Top tips for better mental health from CMHA Toronto therapists

February 10, 2024
As we make our way through what has felt like a long winter, we asked some of CMHA Toronto’s clinical staff to offer practical advice to improve and sustain good mental health.

Trust yourself, trust the process

Debjani Kar, a psychologist and student trainee in the Dialectical Behaviour Therapy (DBT) program, advises people to trust in themselves. “You're the only one who can make your life better,” she says. The best advice she’s heard from her own therapist is to “trust the process, everything will start making sense.”

Stay curious, stay open, and face your emotions head on

Kerry Anne Parrett, a registered occupational therapist and case manager in CMHA Toronto’s Forensic Supportive Housing Program, reminds people to stay curious and stay open, even in the face of strong emotions. “Difficult emotions can be very overwhelming, and the urge to turn away from them can be strong. We can run from our emotions in a variety of ways, perhaps through food, substances, or work, but they will be there waiting for us. When we face our emotions, our inner pain, there is a chance to understand them and integrate them into our being. Be curious! Ask, what is going on here? What thoughts are coming up? What urges do I feel? Be open to observing these emotions and your responses to them. In that intentional, open curiosity, that purposeful awareness, we can find ways to better cope with difficult emotions.”

Kerry Anne says that her own therapist’s best advice was to stick with it. “He challenged me to bring more awareness to these scary emotions and thoughts, rather than less. He encouraged me to be with them. In doing that, they became a lot less scary. He also taught me that it's possible to live with unwanted thoughts and emotions and that I can experience happiness and joy alongside them.”

Do one thing you enjoy every day and focus on SMART goals

Rayhan Z. Hossain, a registered psychotherapist (RP) who practises cognitive behavioural therapy (CBT) and DBT in the Mental Health and Justice Addictions Program, advises people to “find and practice at least one thing each day for enjoyment and self-care.”

As for the best advice he’s received, he suggests that “mindfulness and focusing on SMART goals,” an acronym that stands for Specific; Measurable; Achievable; Realistic; and Time-bound, has been a useful guiding practice in his own life.

Value your time and meet self-judgement with self-compassion

Heather McFarquhar, a registered social worker (RSW) and concurrent disorders specialist in the Mental Health and Justice Addictions Program, recommends that people “treat your time and energy like currency. Don’t invest it on people and activities that don’t help you improve or maintain your mental health. And be aware of the cost and benefit ratio.”
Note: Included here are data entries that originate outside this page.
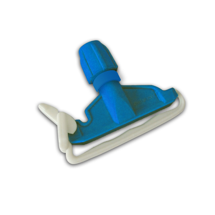 Pinza in plastica gigante per mop con clip fermamanico per manici in legno o alluminio. Ghiera universale che consente l'utilizzo di qualsiasi manico con diametro da 20 a 24 mm.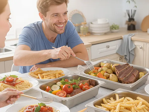 Doordacht ontwerp: deze voedselpan is ideaal voor bruiloften, feesten, restaurants en hotels. Of je nu maaltijden bereidt voor een groot gezin of een cateringbedrijf runt, de multipackset voldoet aan een breed scala aan kook- en serveerbehoeften.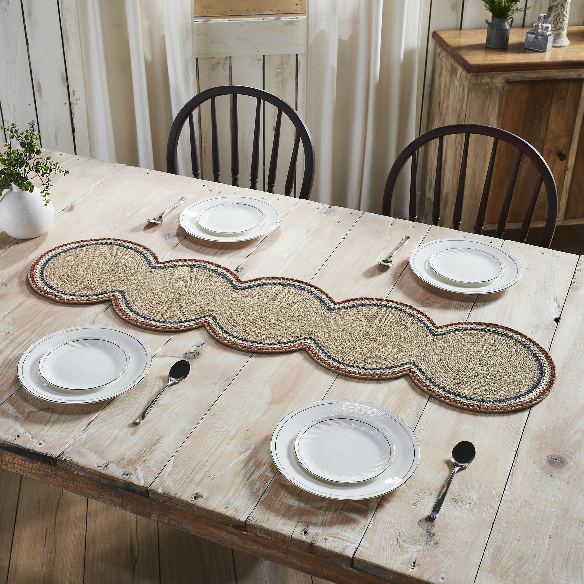 • Timeless Americana Style: The combination of natural tan with rich red, creme, and navy blue accents creates a classic Americana look, perfect for your country or rustic-themed dining room.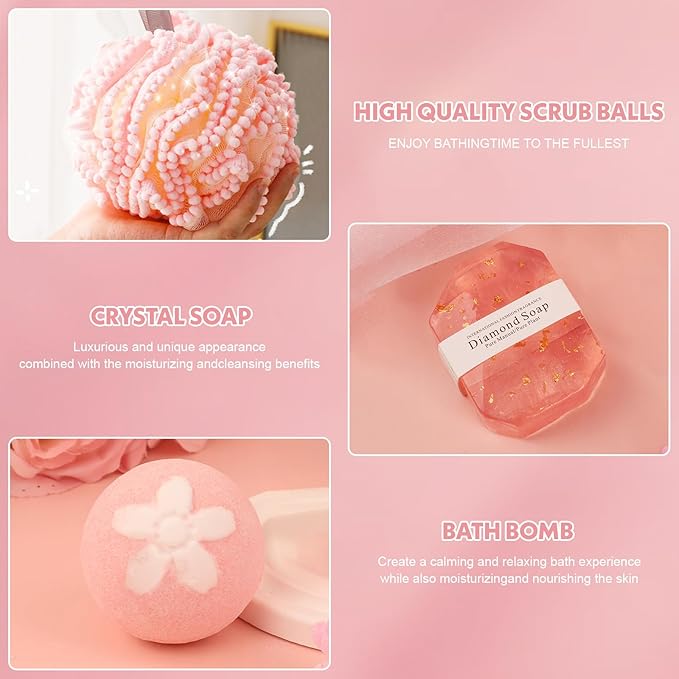 - 🎁【Relaxing Spa Gift Set for Women】Imagine the surprise moment when she receives the gift box, light the aroma candle and the light fragrance fills the whole bathroom, taking away the fatigue and stress of the day. Includes a diamond handmade soap and a bath ball to release a fresh, long-lasting scent for a dreamy bubble bath experience.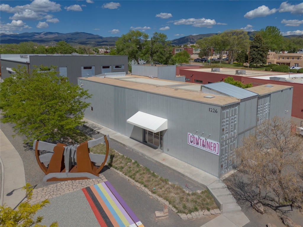 CONTAINER is a unique steel building in the Baca Street Railyard District consisting of repurposed shipping containers retrofitted to operate today what is a contemporary art center and gallery. Consisting of approximately 5,182 square feet, on two levels, an interior staircase as well as an elevator, adjacent to free city/public parking with six designated and two handicap parking spaces, an interior residential rental unit, substantial storage areas, 3 bathrooms total, and two kitchen areas with one each in the residential portion of the building. The land is leasehold with substantial time and numerous options in place.

The most important piece of wisdom she’s heard from her own therapist is that “judgement of ourselves by others and by ourselves directly is a very destructive force. It can cause us to be stuck in a loop of reinforcing ineffective behaviour.”

Keep a daily journal, nurture connections with others

Oksana Tchitchkevitch, RP, a DBT therapist, says that she finds it helpful to keep a personal journal on a daily basis. “Writing helps me to make better sense of what is happening in my life at the moment and how I feel about it.” She quotes 17th century Dutch philosopher Spinoza, who says, “Emotion, which is suffering, ceases to be suffering as soon as we form a clear and precise picture of it."

Oksana says that her own therapist’s guidance to “connect with others with similar interests and inspirations as a way to feel more grounded and motivated” has left a lasting impression on her.

Accept yourself and the challenges you’re facing; have courage to change what you can

April Trewhitt, RP, manager of CMHA Toronto’s Addictions Services Program, keeps focused on the therapeutic value of acceptance and change. She says it’s vital to “accept yourself and the challenges that are presenting themselves now and work to make small changes that help in the short term to get to your long-term goals.”

As for advice she’s received that has stayed with her to this day she cites the serenity prayer: “Accept the things you can’t change, have the courage to change the things you can, and the wisdom to know the difference.”